Opinion piece in the Dominion Post by Godfrey Bridger, a business consultant, Foundation for Research, Science and Technology reviewer and a former Crown Research Institute science manager.
An excerpt: (read in full here)
“Businesspeople are unlikely to become scientists, but scientists can become businesspeople.
“Therefore business managers should mentor scientists to take greater control and motivate them to learn to make business judgments over their own work.

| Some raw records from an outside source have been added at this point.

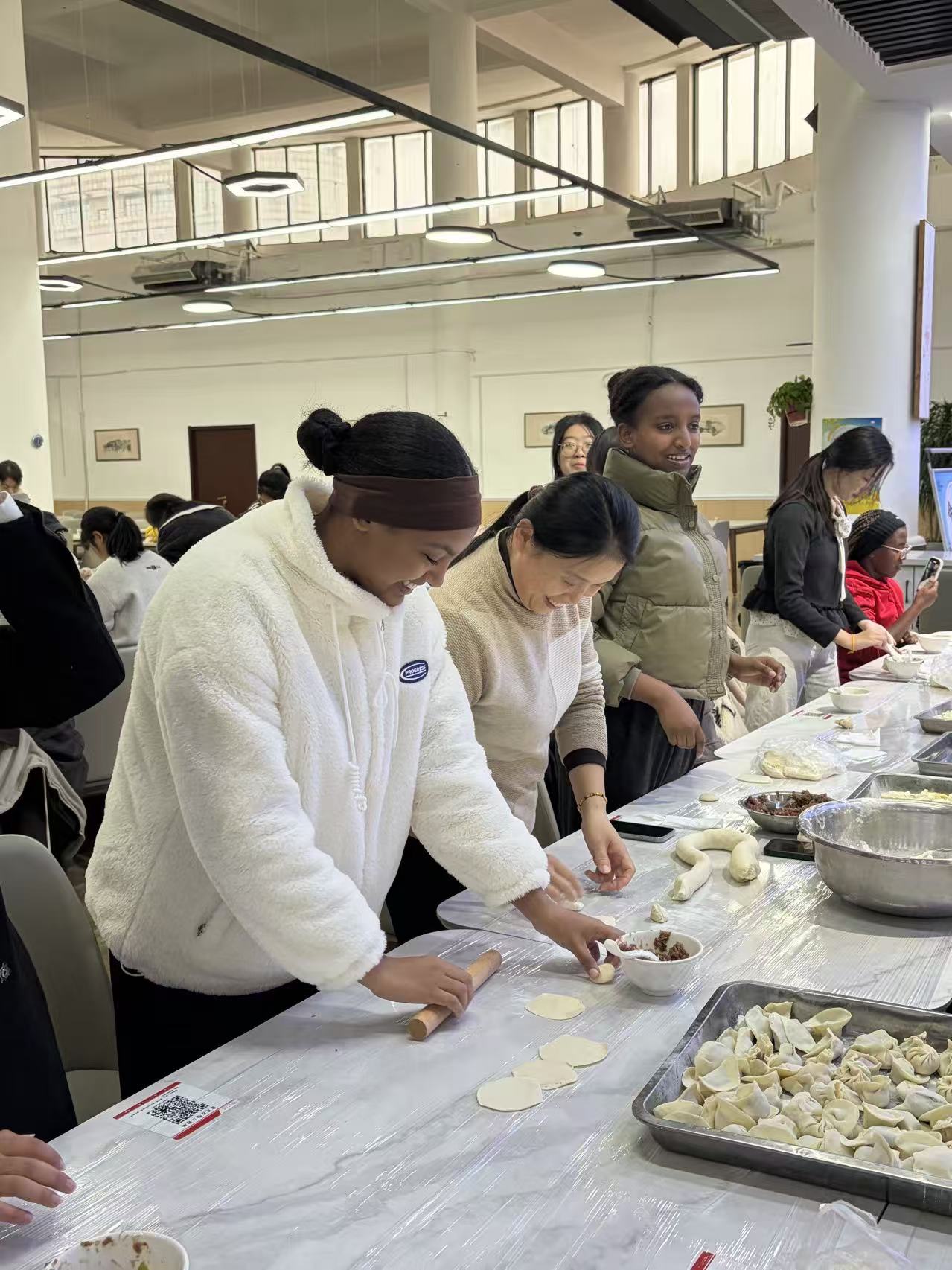 活动现场气氛热烈,欢声笑语不断。在国际交流学院老师的简要介绍下,中外学生首先了解了冬至在中国传统文化中的重要地位及其蕴含的“团圆”“纳福”等美好寓意。随后,在国际交流学院精心准备的食材和器具前,活动进入实践环节。中国学生们主动担当起“文化使者”和“技术指导”,从擀皮、放馅到捏边,一步步向来自世界各地的留学生们耐心演示饺子的制作技巧。留学生们兴趣盎然,认真观摩,积极尝试。从最初的手法生疏、饺子形态各异,到逐渐掌握要领、包出有模有样的饺子,整个过程中充满了互助与学习的热情。大家边包边聊,不仅交流包饺子的心得,更分享各自国家的节日习俗与美食文化。
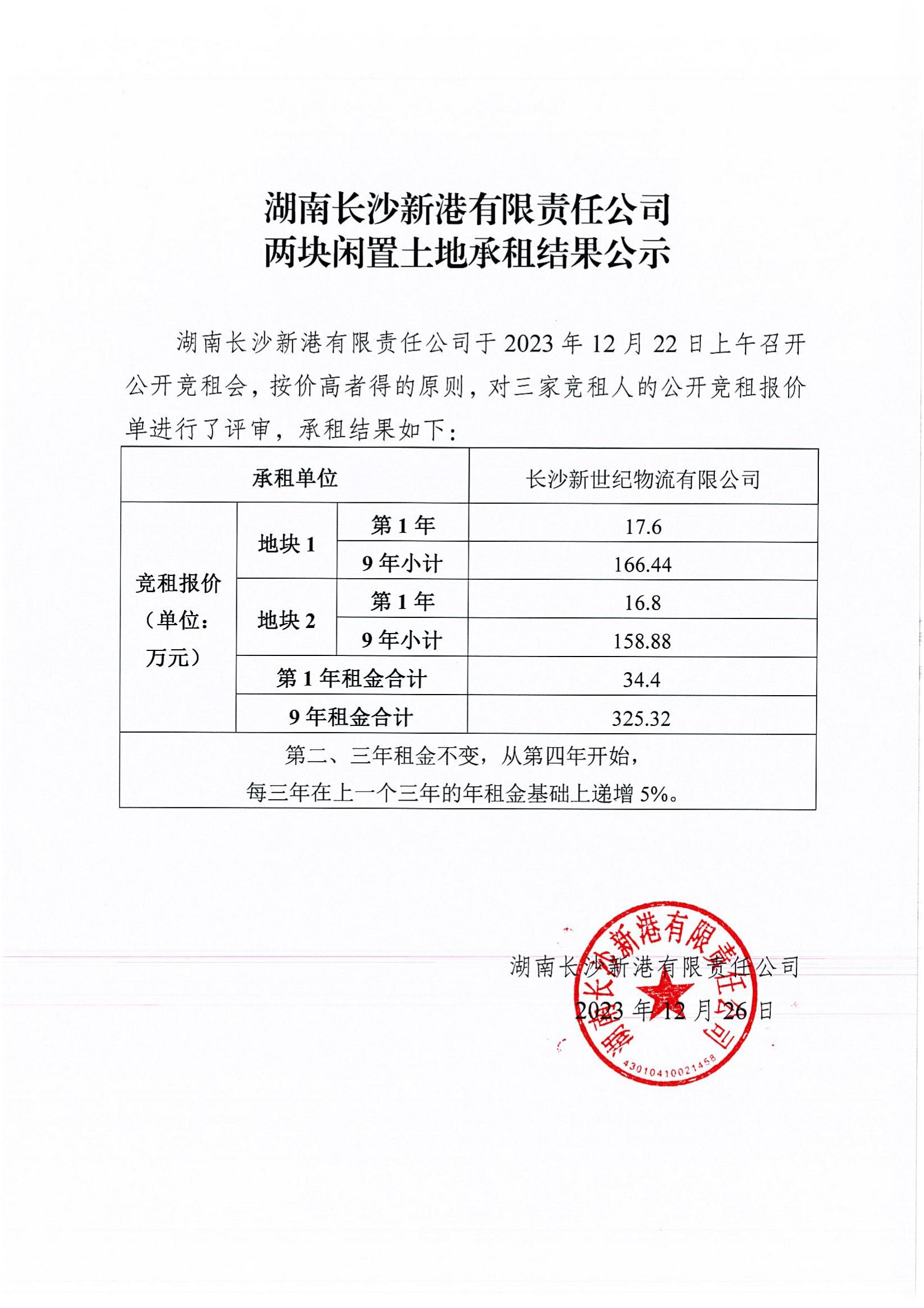 長(zhǎng)沙新港兩塊閑置土地承租結(jié)果公示
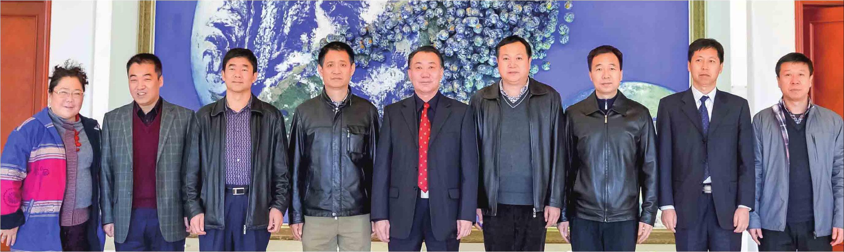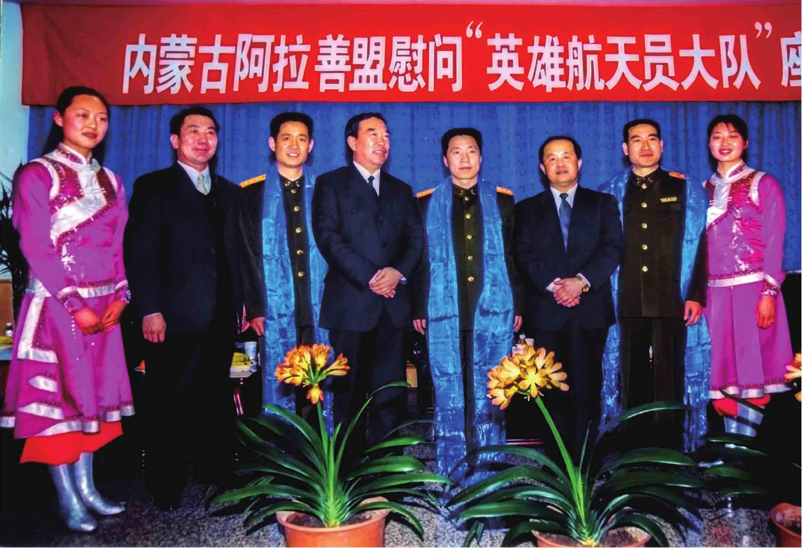 2004年3月,阿拉善盟委书记陶克(左四)、盟长吴金亮(右三)、副盟长巴图朝鲁(左二)等在北京航天中心慰问英雄航天员
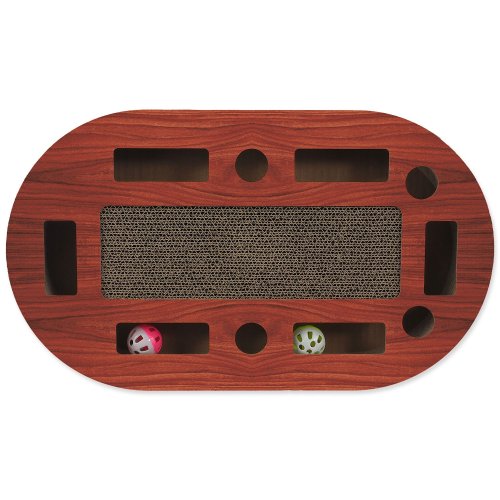 Interaktivní kartonové škrabadlo pro kočky se šantou, barevné provedení ve vzoru třešeň.
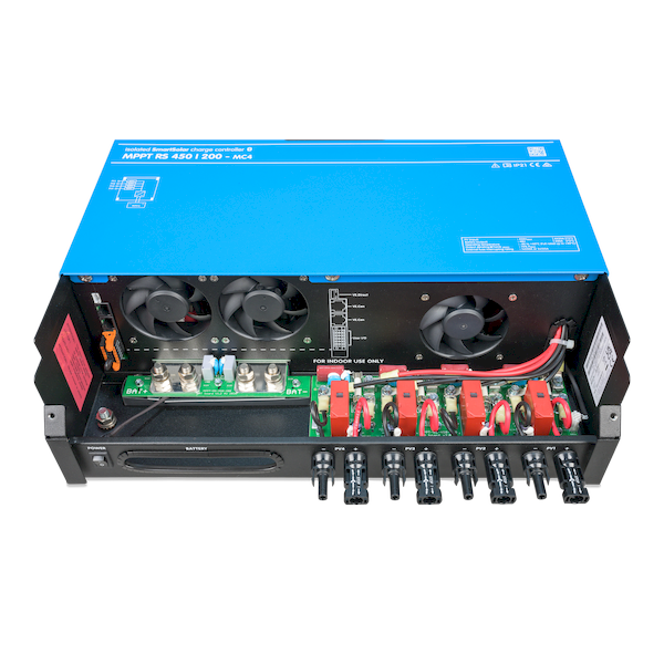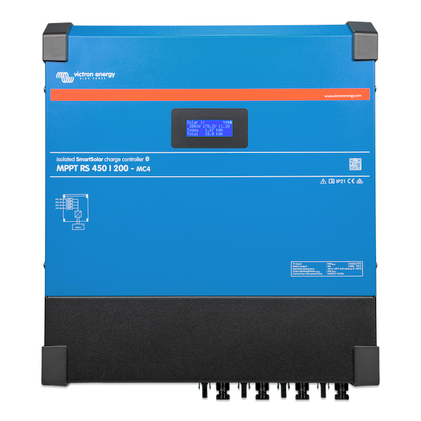 The Victron SmartSolar MPPT RS 450 | 200 MC4 is an ultra-high-efficiency, high-voltage solar charge controller designed for large off-grid solar systems, residential battery banks, commercial mobile power, and advanced RV/marine systems requiring high solar throughput. Supporting an exceptional 450V PV open-circuit voltage and delivering 200A of total charge output (two independent 100A outputs), this controller is engineered for premium high-voltage PV designs.
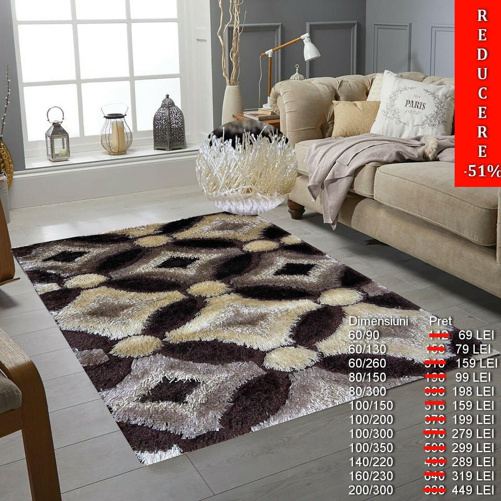 Covor Pufos cu fir lung de matase cu imprimeu geometric tip flori
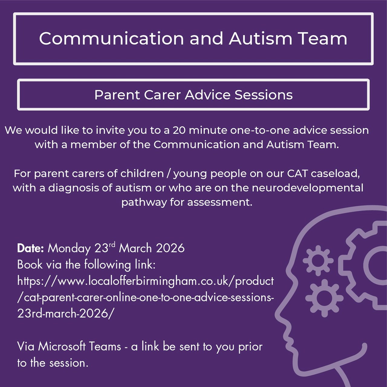 Neurodevelopmental Pathway Information Day 1st April - 10am
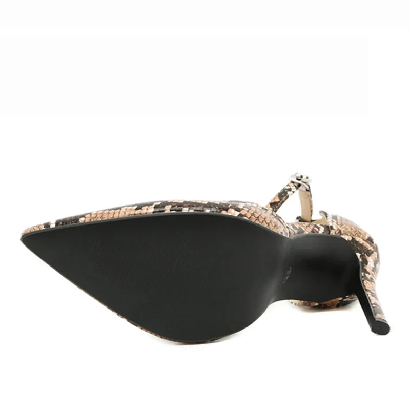 Sleek Sexy Snake Print Pointed Toe Stripper Heels High Heel
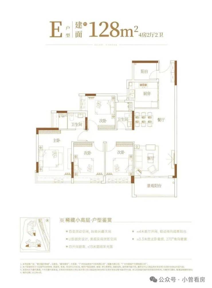 128㎡四房:独立入户花园设计,约 16㎡超宽阳台,主卧套房带飘窗,兼顾改善需求。
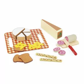 Le dimanche, c’est pique-nique en famille ! C’est parti pour une journée ensoleillée au bord du lac avec cette dinette en valisette, idéale pour les enfants à partir de 3 ans. Elle contient un service complet pour 4 personnes, et se transporte facilement dans sa jolie mallette. Pour un repas sur le pouce ou pour compléter une cuisine, cette dinette permet aux enfants de développer leur imagination en imitant les grands avec leur propre service ! Ainsi, vous trouverez dans ce set d’imitation : 4 assiettes en bois au décor fleuri, 4 serviettes en tissu, 4 sets de couverts (cuillères, fourchettes et couteaux), et 4 verres en plastique au look rétro. Une fois le pique-nique terminé, on range tous les accessoires dans la jolie mallette décorée. Avec sa poignée en métal et son loquet de fermeture, elle fait vraiment envie ! Pendant le pique-nique avec mamie, les petits s’amusent à servir les portions et les boissons, mais aussi à dresser les assiettes et à débarrasser : que de gestes utiles au quotidien, pour gagner en autonomie au moment des repas. Cette dinette en valisette est composée d’accessoires en bois issu de forêts gérées durablement, certifié FSC™. Elle fait partie de notre collection Mamie Soleil : un ensemble de jouets d’imitation inspirés de la cuisine de grand-mère, imprégnés d’émotions et de souvenirs d’enfance.
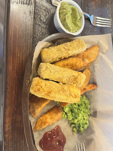 It took a while for a server to come to our table. But we knew what we wanted. Two vegetarian entrées, the only ones on the menu, and two bison burgers. The vegetarian entrées were terrible. The tofu had a cornmeal on the outside that was flavorless. It tasted like you were eating grains of sand. The guacamole that came on the side was not like guacamole. It was like a green goo. And the cold mash peas were utterly disgusting. Again, flavorless. The fries were good, thank goodness because that was our dinner. It was a hodge podge if grossness.
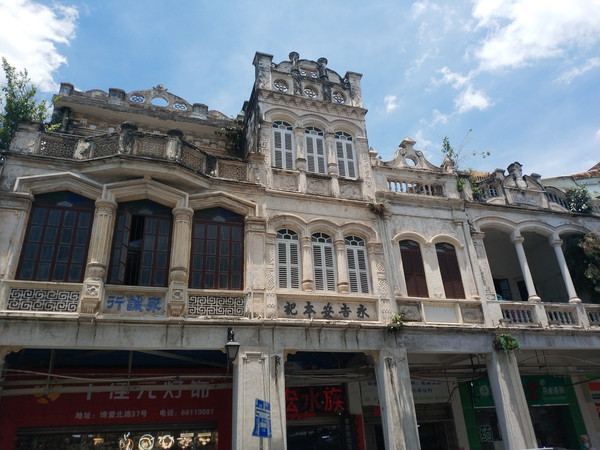 骑楼是从南洋回来的华侨借鉴当地的建筑风格所建,现在这些南洋建筑经营着各种店铺。
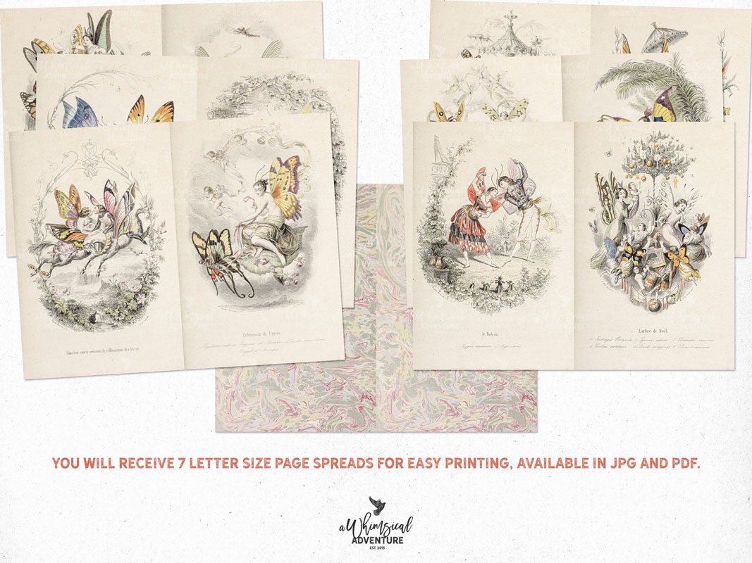 This whimsical set of journal ephemera features vintage illustrations from the 1852 book Les Papillons. Métamorphoses terrestres des peuples de l'air by Amédée Varin, where butterflies are delightfully personified as people, making this set a playful yet nostalgic addition to your collection. Perfect for projects with a fairytale, fantasy, or nature-inspired theme. Use them in whimsical journals, mixed media collages, imaginative storytelling pages, or as charming focal points in greeting cards and tags. These butterfly people bring a touch of the surreal and the magical to anything you create.
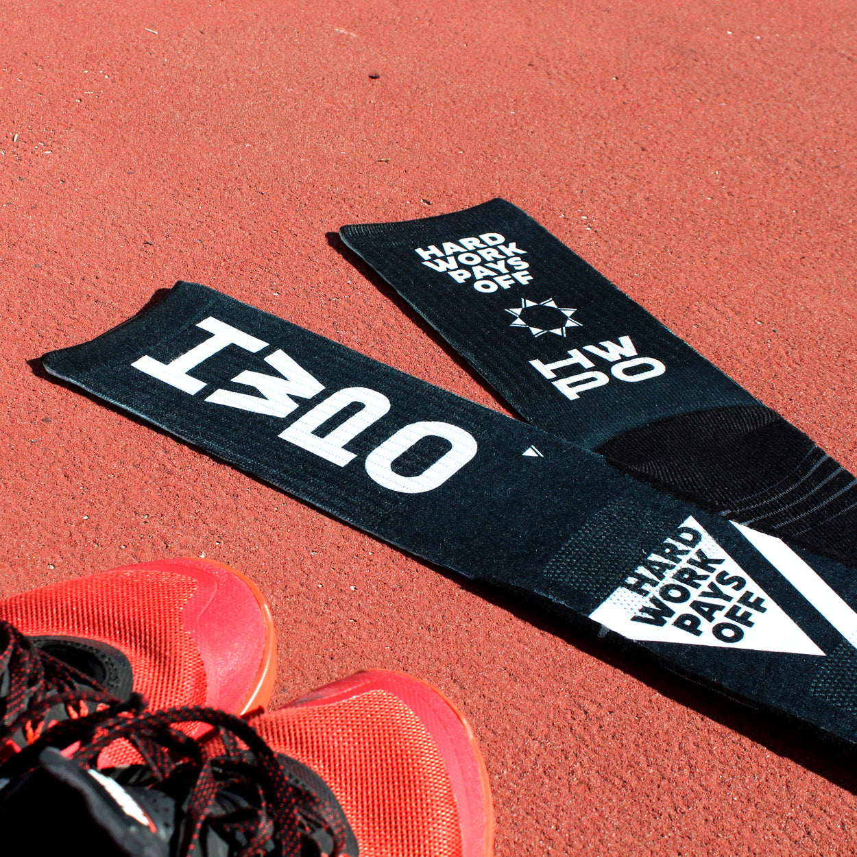 Socks tribute to the CrossFit champion: Mat Fraser. With the classic phrase 'Hard work pays off', a phrase that represents the values of Lithe Apparel at the same time.
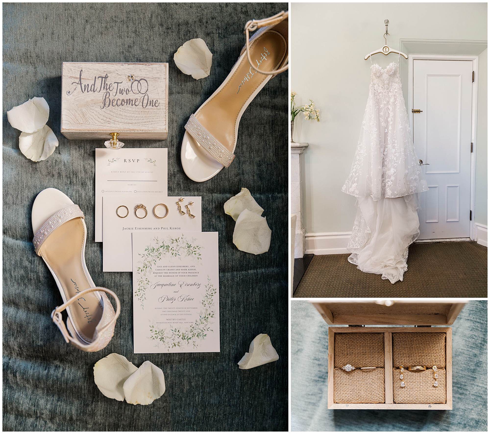 This beautiful day comes together with the help of an incredible vendor team. The ceremony and reception take place at Whitby Castle, which provides exceptional service and staff. Beauty services are provided by Aurelia Dileo. Jackie’s stunning gown is by Jae Hee Atelier, and Phil’s tuxedo is from Jos. A. Bank.
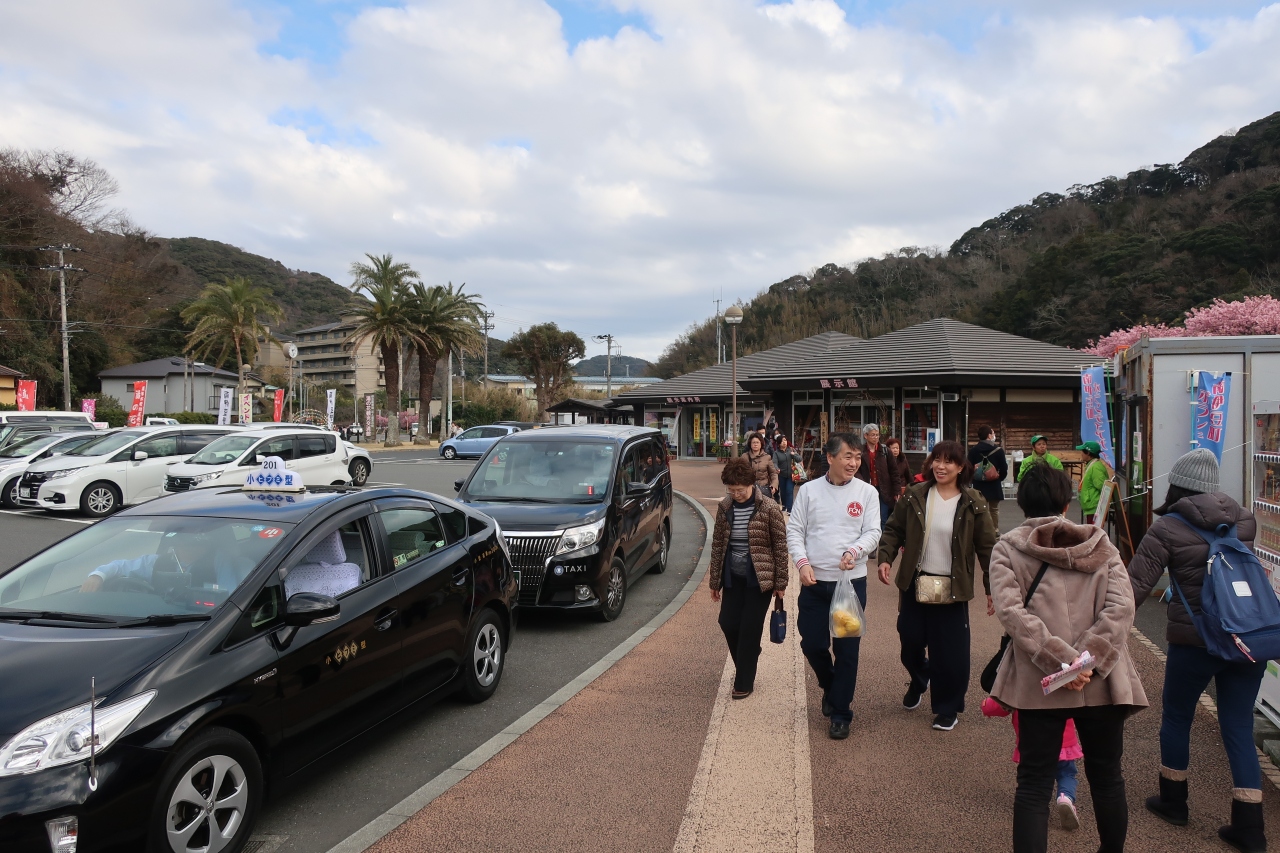 南伊豆を通る国道136号線の下賀茂温泉にある道の駅が湯の花です。みなみの桜と菜の花まつりの際に無料で駐車できると思い行くと、駐車場は有料でした。ここからは青野川の堰堤が裏にあり、アクセスが良いので当然かなと思います。
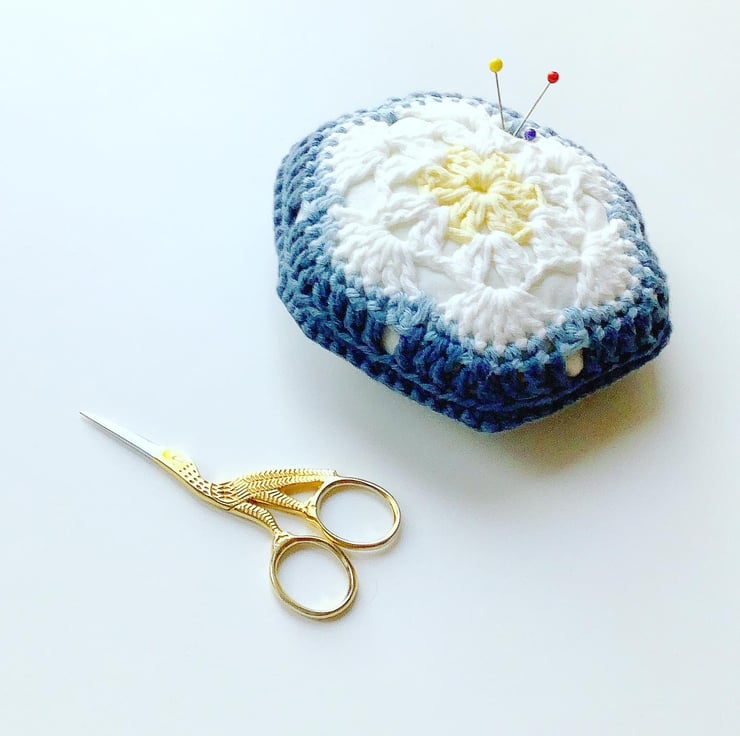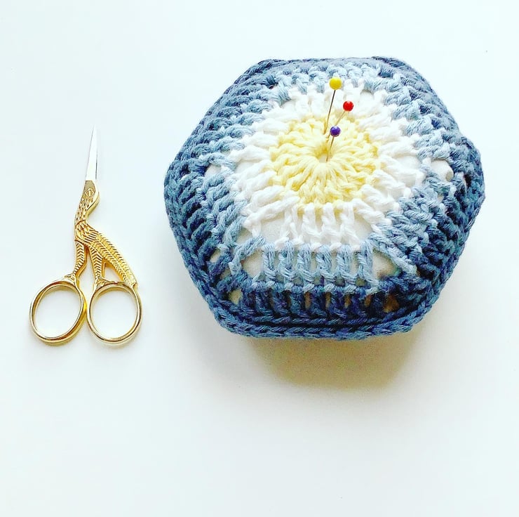 This vintage inspired pincushion made with a pretty, African flower hexagon to brighten up your sewing days. It has four shades of organic cotton. The poly stuffing is in a cotton case.

“Another problem is that the fundamental plank of the Upton science reforms was to use competition to improve RS&T performance. The reforms have caused several problems, including the following three:
“* First, a funding system which peer reviews our most intelligent, creative, motivated and over peer-reviewed people and then “fails” more than 75 per cent of their proposals because of insufficient research funds is bad for morale, and makes science an unattractive profession.
“* Second, competition discourages collaboration and sharing, a vital requirement for R &D, and even more vital in a tiny country like New Zealand.
“* And third, the overheads of servicing a competitive $476 million funding system are too high. The relatively modest $17 million cost of the Foundation for Research, Science and Technology is the “tip of the iceberg”. Other overheads include the time spent by our best scientists writing proposals doomed to fail, and the continuing cost of lack of collaboration.”